Serving order?

Popping some corks on Wednesday night. Debating the old to young vs the young then old?

The full proposed lineup will be:
2002 JJ Prüm Wehlener Sonnenuhr Kabinett - with fresh caught sautéed grouse
2005 Bonneau du Martray Corton-Charlemagne - assorted appetizers featuring smoked salmon
1990 Comte de Vogüé Musigny VV - “”
1970 Latour - Wedge salad with Gorgonzola
1975 Latour - “”
1990 Les Forts de Latour - Rack of Lamb with rosemary Dijon sauce
1990 Latour - “”
1990 Magaux - “”
1990 Cheval Blanc - “”
1990 d’Yquem - Pumpkin cheesecake

Or do I do a do a different course with the Comte de Vogüé and serve the '70 and 75 Latour with a cheese course after the Lamb?

Jeff,

That’s a truly glorious mess.

Do the Charlie first, and pray.

Do the Muse next and keep it really separate from the Bordeaux, separated by time, food, water, anything. Pinot to Cab is probably the worst possible transition in wine that does not involve RS.

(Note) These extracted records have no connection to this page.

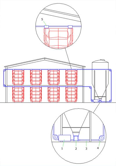 FALCON chain transport systems, thanks to its flexibility, can carry out very tortuous vertical and horizontal circuits, difficult to achieve with traditional screw conveyors. You can get a system with a maximum capacity of 12 tons / hour, with a very low power, ranging from 1.5 to 4 HP per circuit. Con lo stesso trasportatore, si possono collegare uno o più silo di prelievo e distribuire il mangime su uno o due piani. With only one circuit you can connect more than one silo, and distribute the feed in one or two floors.
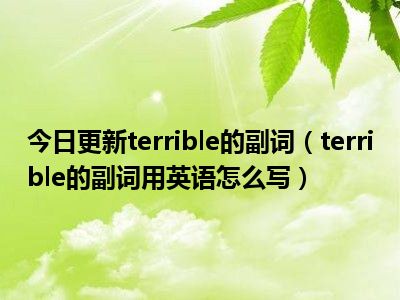 目前上述的内容应该能够为大家解答出大家对于terrible的副词(terrible的副词用英语怎么写)的疑惑了,所以如果大家还想要了解更多的知识内容,也可以关注本站其他文章进行了解哦。
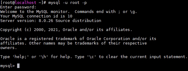 [root@localhost ~]# mysql -u root -p
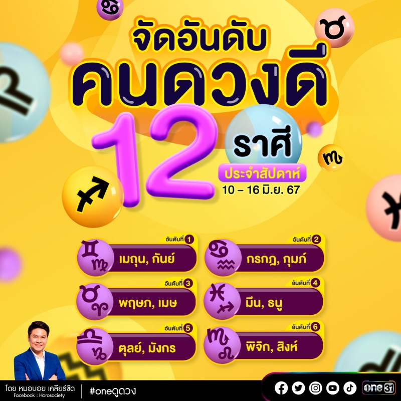 เมื่อวันที่ 9 มิ.ย. 67 ที่ผ่านมา ทางเพจ Horosociety หมอบอย เคลียร์ชัด นักดูดวงและราศี โดยได้จัดอันดับคนดวงดี 12 ราศี ประจำสัปดาห์ที่ 10 – 16 มิถุนายน 2567 มาดูดวงกันว่าราศีของคุณครองตำแหน่งนัมเบอร์วันหรือเปล่า
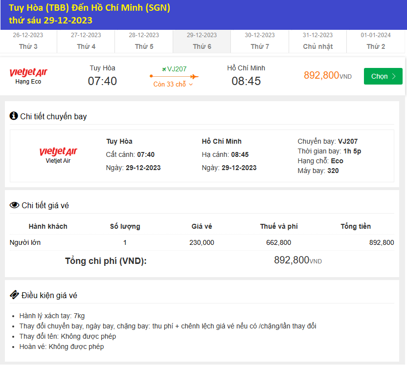 Tuy Hòa (TBB) Đến Hồ Chí Minh (SGN) thứ sáu 29-12-2023

Do your great Bordeaux '90s with the lamb.

Do the '70 and '75 Latours with the cheese.

Do the young JJ and the Yquem side by side with the pumpkin cheesecake and let everybody figure it out.

I’d say ‘have a great time’, but you will, and you know that.

Best,


Dan Kravitz

I’m lost, but when in doubt, I would certainly trust Dan’s judgement. You might receive different advice, but probably not better. I am still figuring out how to share a glass or two with Dan.
Dan - still waiting for my other .246 points on some vintage of mine or other. [cheers.gif]

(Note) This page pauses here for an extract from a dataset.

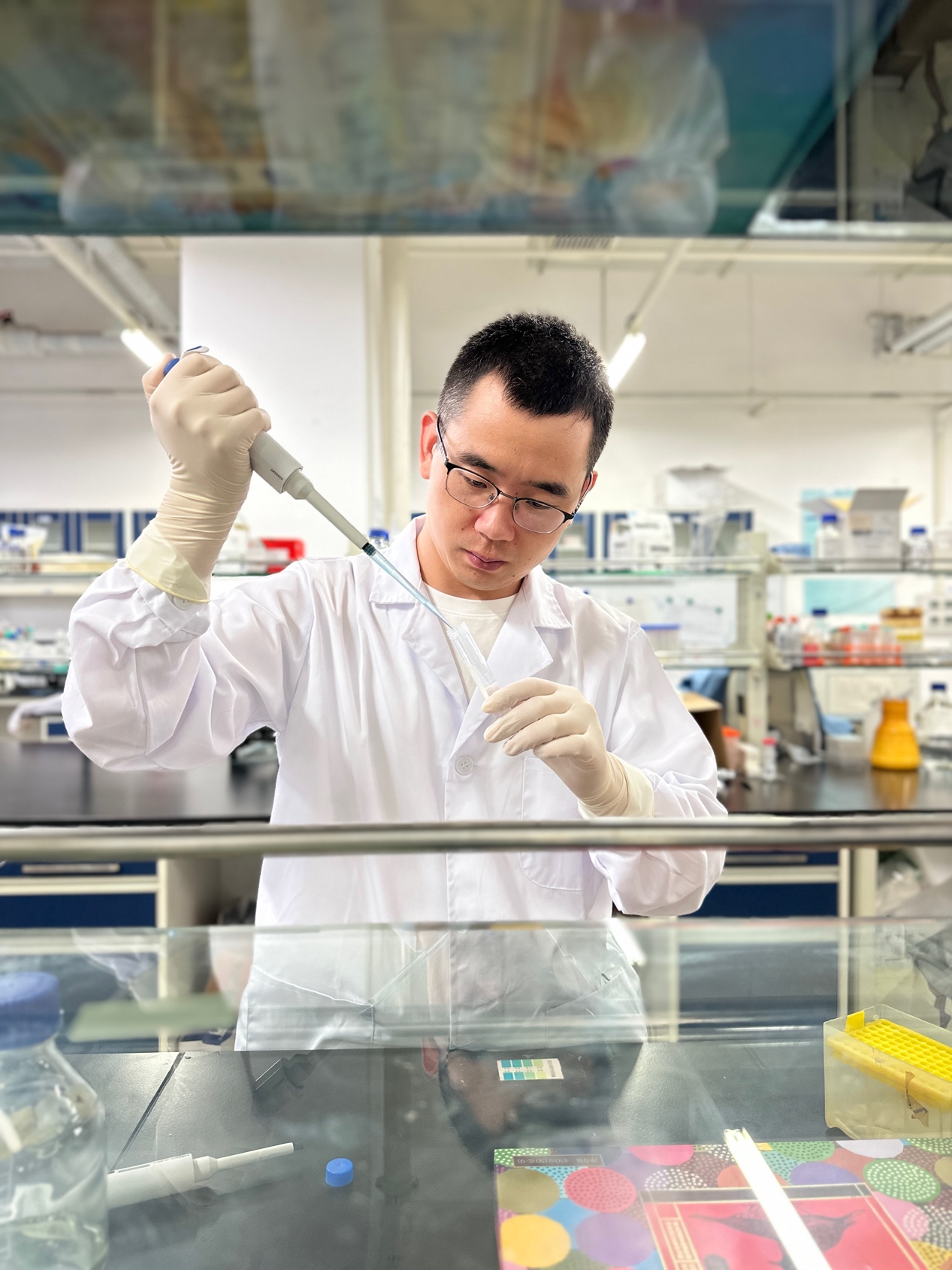 Nankai University students do biological vascular graft-related research at the Laboratory of Tissue Engineering & Cardiovascular Biomaterials at Nankai University, north China's Tianjin, Sept. 20, 2024. (People's Daily Online/ Zhao Tong)

'70 and '75 Latour should be great but a wedge salad seems like the worst possible pairing…

Serve the oldies AFTER the main course when they have a chance to be interesting.

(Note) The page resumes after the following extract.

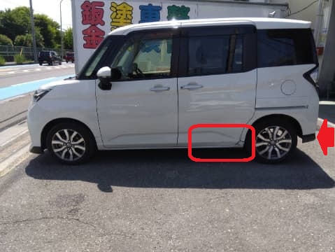 ▼ 左リアドアからリアバンパーにかけての損傷となります。
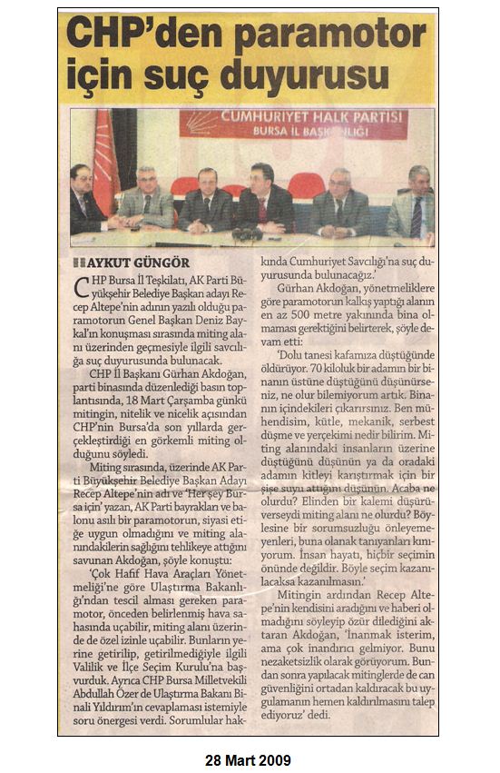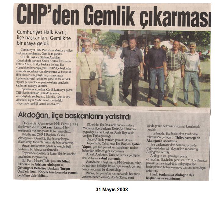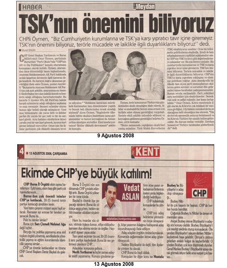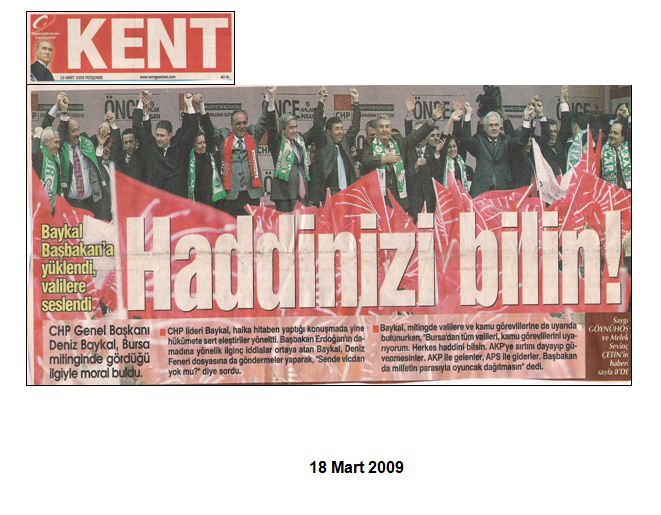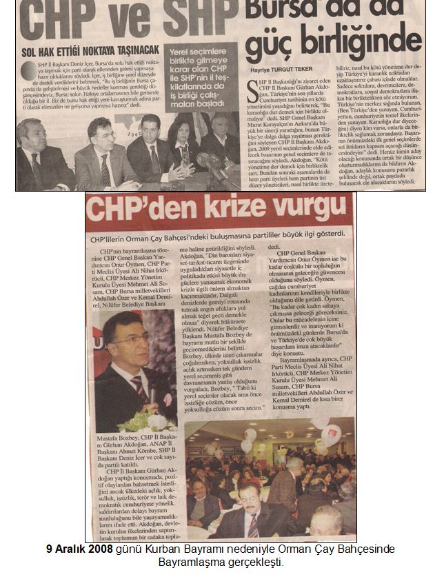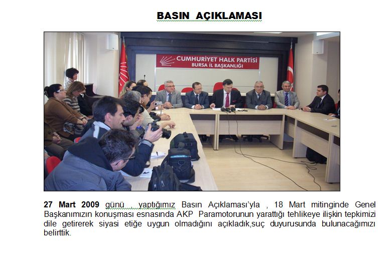 - Nilüfer Belediye Başkanı Mustafa BOZBEY’in Cumhuriyet Mitinglerinde dağıttığı Bayrak ve Yürüyüş için açılan soruşturma ile ilgili Basın toplantısı ile kınanarak Adliye ve Valilik Makamlarına gerekli itirazlar yapıldı.

And the Vogue won’t be a good match with smoked salmon, in my experience.

For my 2 cts, the salad w Gorgonzola doesn’t work with most of the wines except d’Yquem. So that’s what I’d do - why wait till the end of the meal for Sauternes? It’s a great start.

Then get extra lamb because that goes with everything else.

See how simple it can be?

What a line up!!

I’d swap the first two whites, and let the Prum carry over into the wedge salad with gorgonzola course. Depending on the strength of the gorgonzola, not many dry reds could match up with that.

Any chance on saving some of the '90 Bordeaux and the Vogue for Thursday? Seems like no one will remember that lamb course with all of those great wines.

Definitely cheese with the '70 and '75 Latours. That could be the most interesting course of the night.

Have a wonderful night!

All Dan Kravitz said. And i would like to enfatize this line in particular.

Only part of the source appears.